Le confinement pourra cesser “quand le virus ne circulera plus”, a jugé Olivier Véran, estimant le nombre de malades en France à 20.000. La majorité d’entre eux ne sont pas testés, donc pas détectés.
L’épidémie a causé à ce jour la mort de 450 patients (78 supplémentaires vendredi) et entraîné l’hospitalisation de 5.226 malades, dont près de 1.300 en réanimation, selon le ministère de la Santé. Près de 1.600 patients ont quitté les hôpitaux, guéris.
“La moitié des patients en réanimation ont moins de 60 ans”, a rappelé le directeur général de la Santé, Jérôme Salomon.
Les sept régions les plus touchées sont le Grand Est, la Corse, l’Ile-de-France, les Hauts-de-France, la Bourgogne-Franche-Comté, Auvergne-Rhône Alpes et désormais la Nouvelle-Aquitaine.
Un avion militaire médicalisé a décollé d’Istres (Bouches-du-Rhône) samedi matin vers Mulhouse, où il a embarqué des patients atteints du nouveau coronavirus à destination de l’Aquitaine.

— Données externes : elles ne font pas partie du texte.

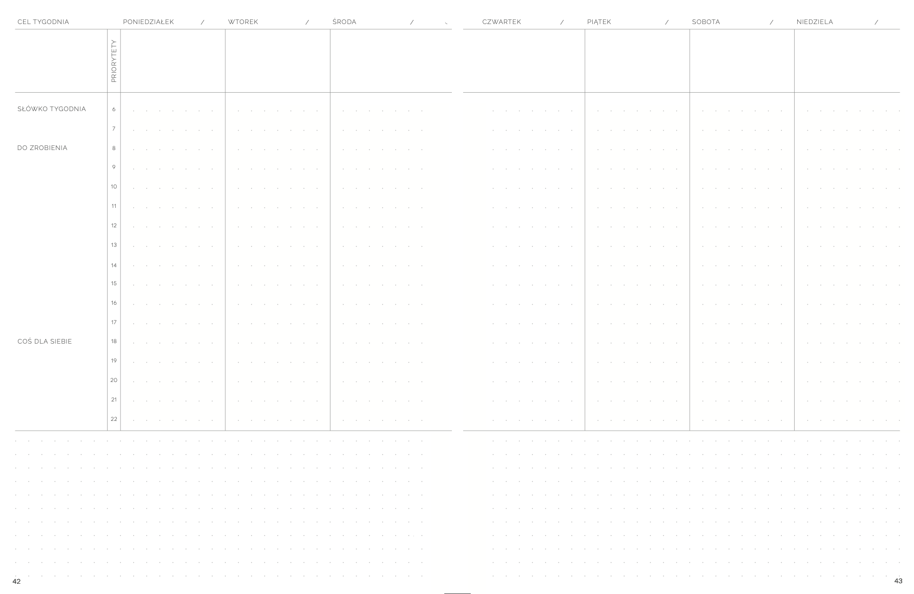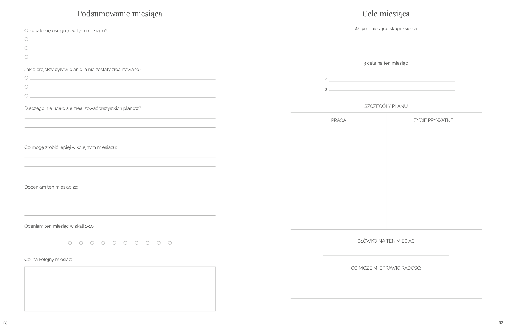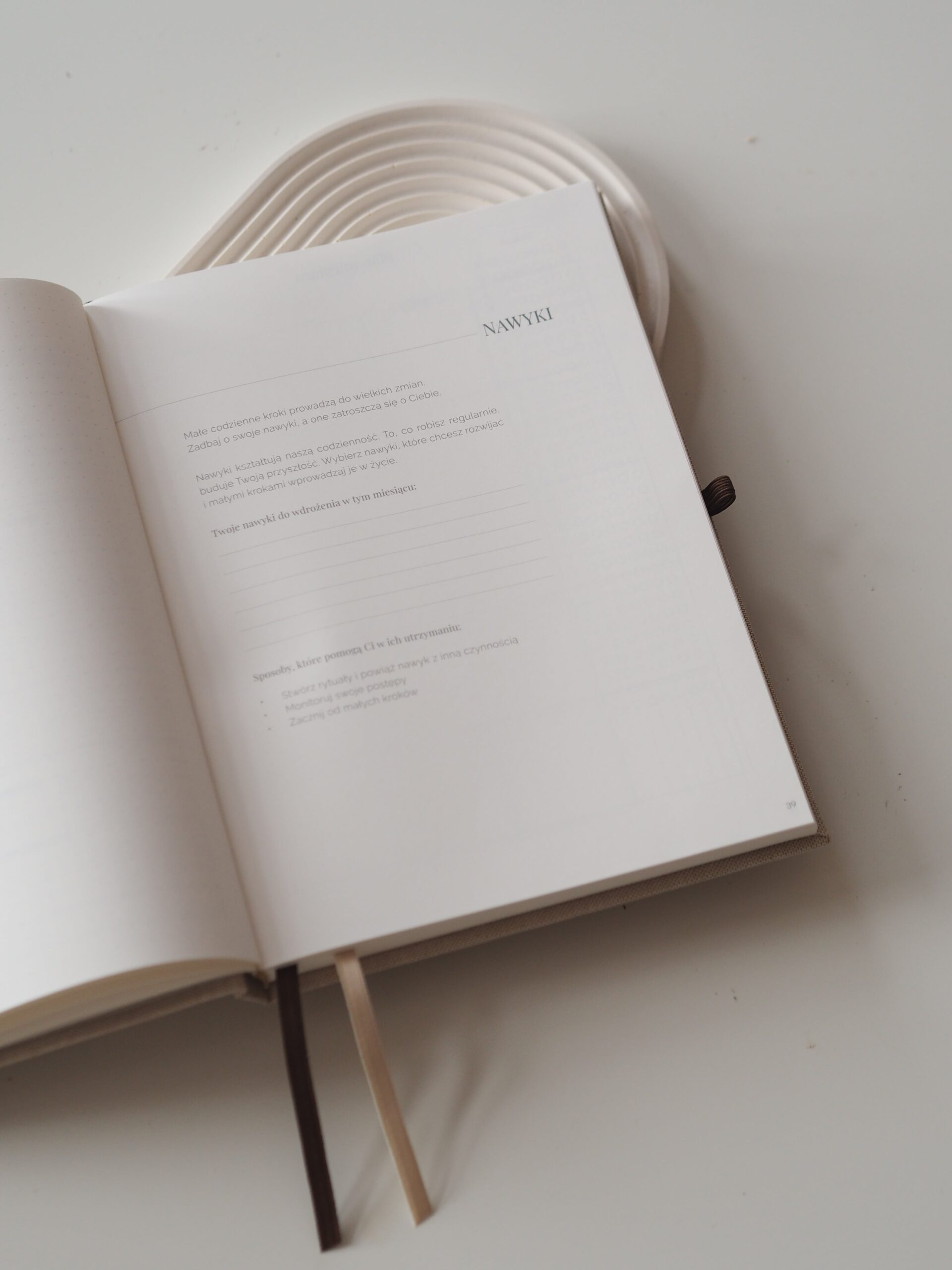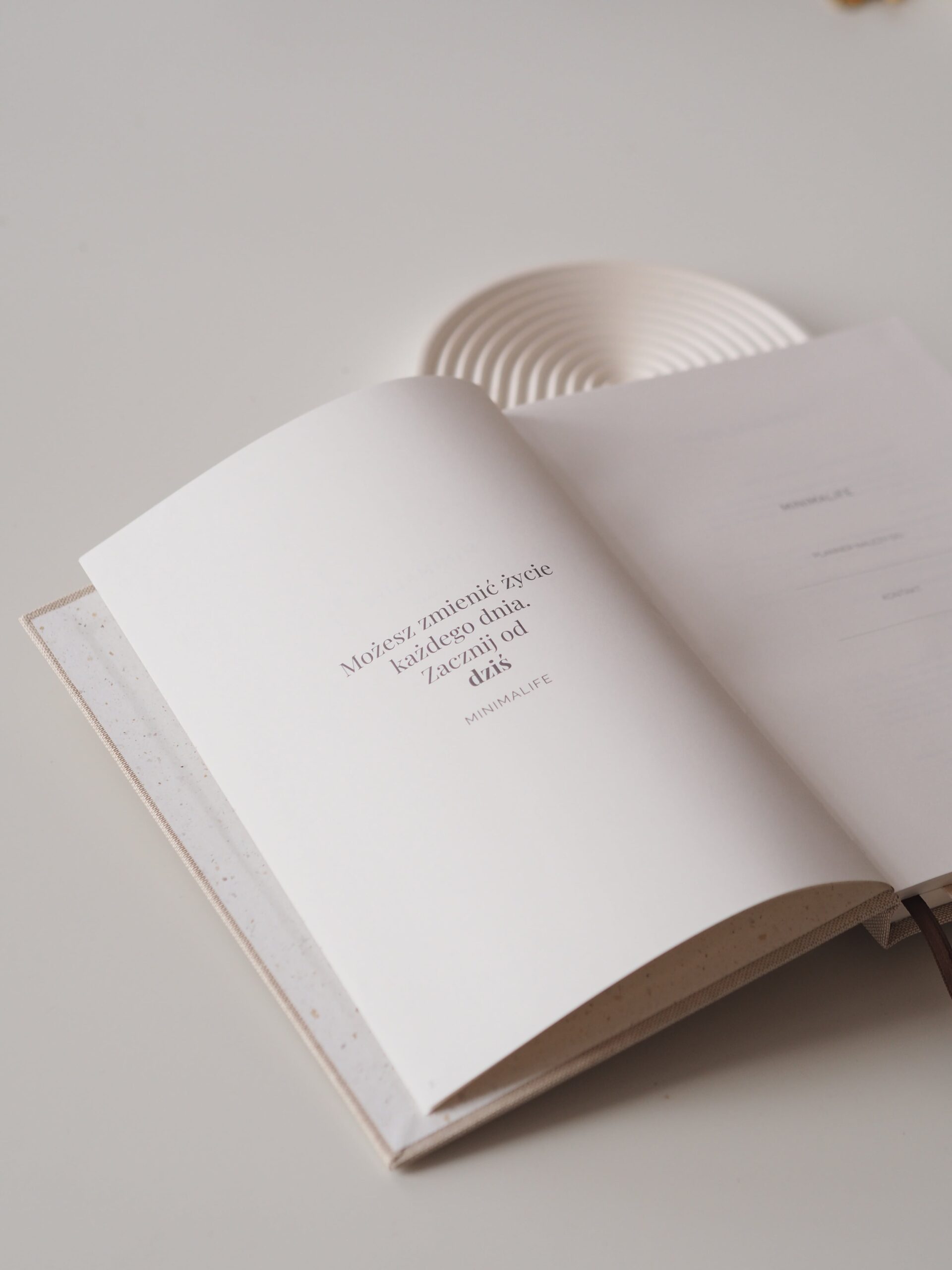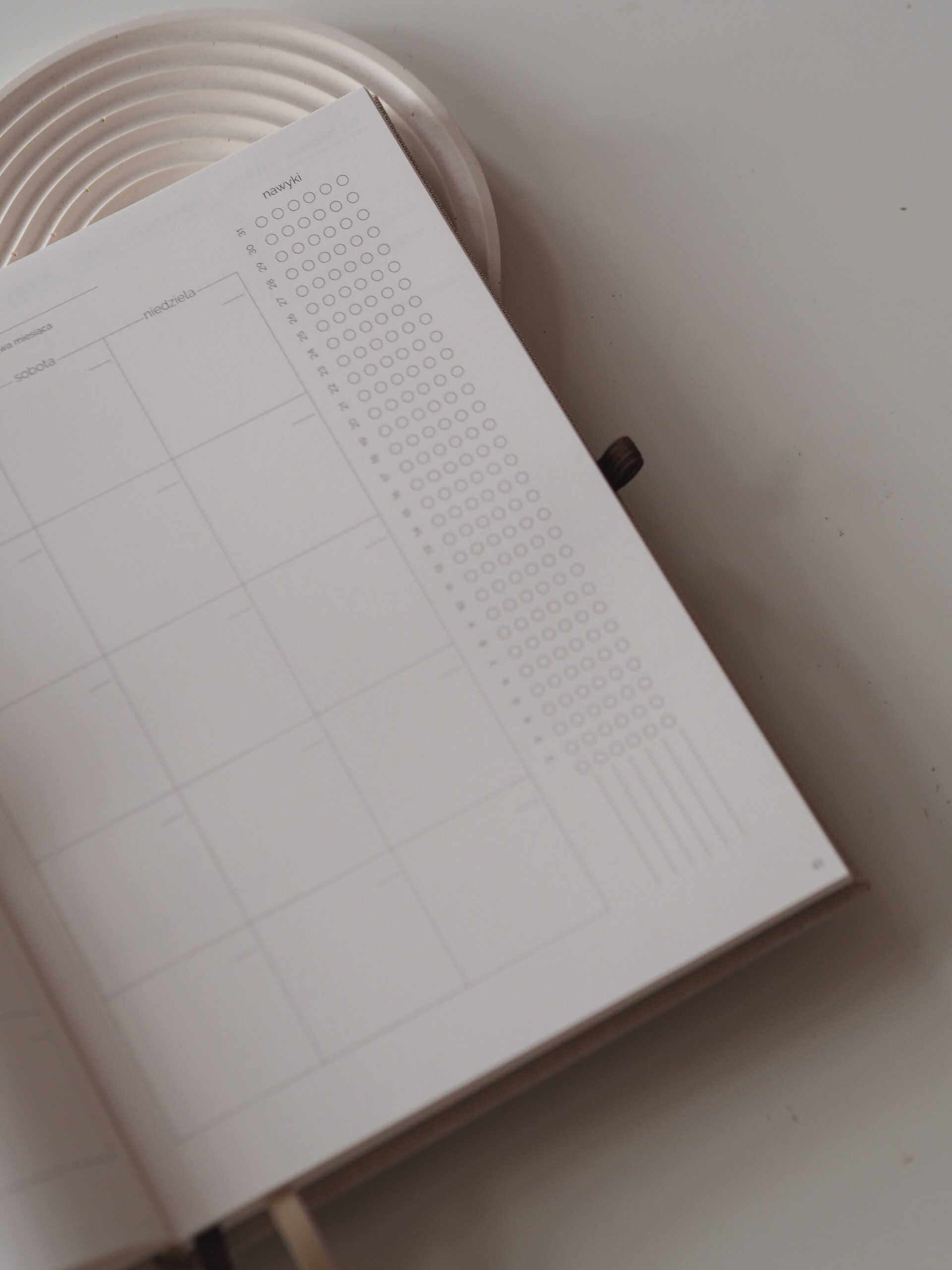 Wnętrze sprzyja codziennemu porządkowi: 12 miesięcy niedatowanych, tygodnie z planem godzinowym, cele tygodnia, coś dla siebie, habit tracker i przestrzeń na refleksję. Eleganckie złote detale dodają mu szyku, a praktyczne elementy – tasiemki, kieszonka, gumki – czynią go niezawodnym kompanem w pracy i życiu osobistym. Zaprojektowany i wykonany w Polsce.

Arrivé en début d’après-midi à l’aéroport de Bordeaux, selon le ministère des Armées, il s’agit du second A330 Phénix de l’armée de l’air utilisé en quelques jours pour évacuer vers d’autres régions des malades d’Alsace, région particulièrement touchée.
A Mulhouse, où l’hôpital est totalement saturé par un afflux croissant de malades, un hôpital militaire est en cours de déploiement, a constaté l’AFP.
“Face à l’urgence et à l’ampleur de l’épidémie”, notamment en Ile-de-France, les hôpitaux de Paris (AP-HP) en appellent aux “professionnels médicaux et paramédicaux disponibles dans les semaines à venir” renforcer les équipes de ses 39 hôpitaux.
Le Parlement a adopté définitivement vendredi le volet financier des mesures d’urgence face au coronavirus, mais les débats à l’Assemblée sur l’autre texte permettant d’instaurer un état d’urgence sanitaire se sont éternisés au sujet de sa durée: un mois ou deux? Combiné au projet de loi d’urgence voté en première lecture au Sénat et qui sera examiné samedi par l’Assemblée nationale, le texte prévoit 45 milliards d’euros pour aider les entreprises en difficulté et financer le chômage partiel des salariés.
Edouard Philippe a annoncé samedi la suspension générale du jour de carence en cas d’arrêt maladie pendant la durée de l’état d’urgence sanitaire qui doit être prochainement déclaré.
La France s’emploie par ailleurs à organiser le retour d’environ 130.000 ressortissants bloqués à l’étranger.